Sadly, research of hundreds of thousands of individuals appear to have little influence on folks’s beliefs when “everybody they know” is “considering” about shifting.
So let’s put this when it comes to some particular tales. New Jersey raised taxes on the wealthy and Massachusetts raised taxes on millionaires. New York raised taxes on the wealthy twice, and so did California. In each a kind of instances, businesspeople predicted an financial apocalypse, and talked about how the folks they knew have been leaving. Then the variety of wealthy folks in all these locations elevated markedly. In actual fact, in California — the place taxes went up lots — their “market share” of U.S. millionaires even elevated.
It’s nearly as if “the financial system” is an immensely complicated emergent phenomena, as a substitute of a easy equation the place prosperity is completely inversely correlated with wealthy folks’s taxes or commentator’s vibes about them.
It’s a major problem that these sorts of details so hardly ever determine into pronouncements in regards to the imminent demise of our native financial system each time we do one thing like increase the minimal wage, labor requirements, or taxes. Whereas there may be loads of room for dialogue about the proper and stage of taxation, it’s time we stopped having a dialogue that’s simply devoid of primary empiricism.
Washington taxes aren’t excessive, haven’t spiked, and elevating them on the rich doesn’t danger financial break.

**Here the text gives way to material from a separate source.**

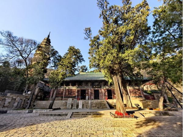 穿过千佛殿,辟支塔的身影在苍松翠柏间傲然挺立。这座11层的楼阁式砖塔高约54米,塔身雕饰精美,每层都有错落有致的门窗和栏杆,塔顶的相轮宝盖在阳光下熠熠生辉。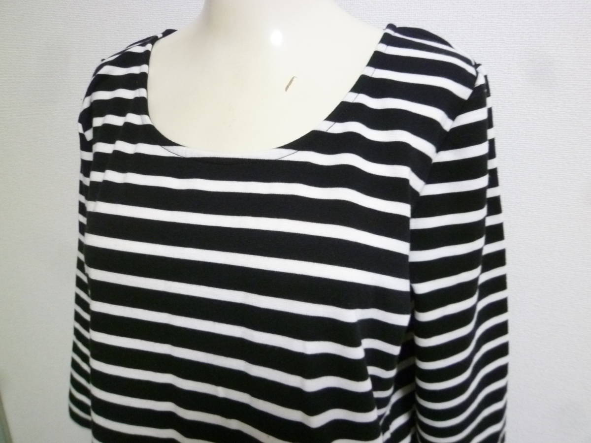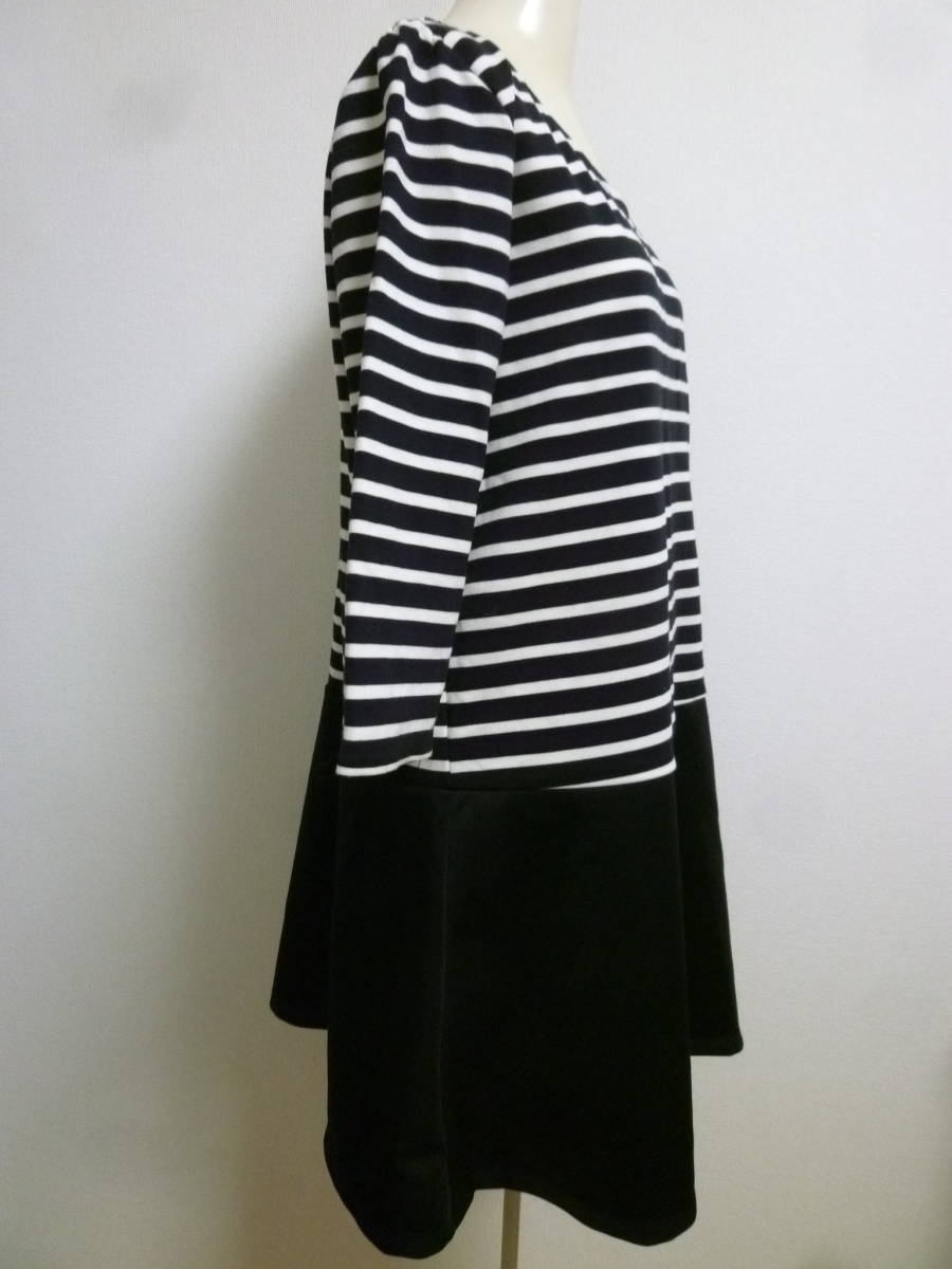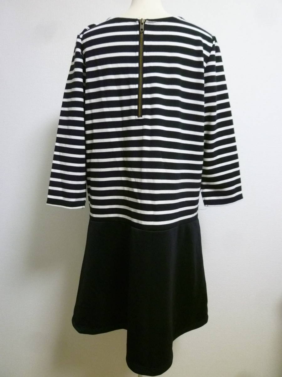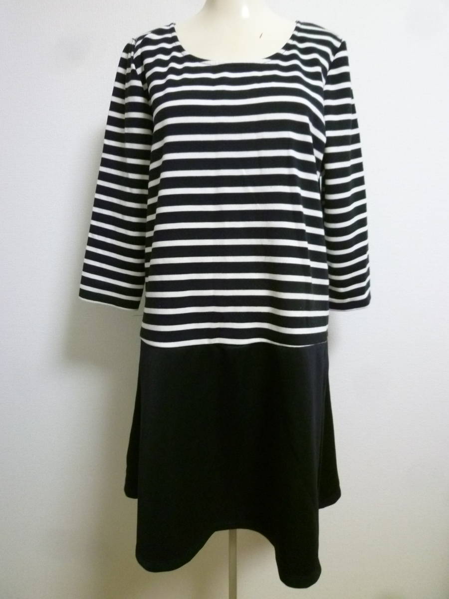 GU/ジーユー♪黒×白ボーダー切り替え背中ジップアップフレアーワンピースXL/大きいサイズ膝丈ブラックホワイト♪324

This group constructed world-changing corporations by following proof wherever it leads. It’s time we demand the identical commonplace from our political discourse.
* Eire is formally on this listing, however its tax fee is significantly distorted, as a result of GDP is massively inflated by corporations shifting earnings there on paper for tax functions. Eire has addressed this distortion with a gross nationwide revenue quantity and this places their true tax fee between 35% and 40%.
Notice: I used these inhabitants numbers, finances historical past and this inflation calculator.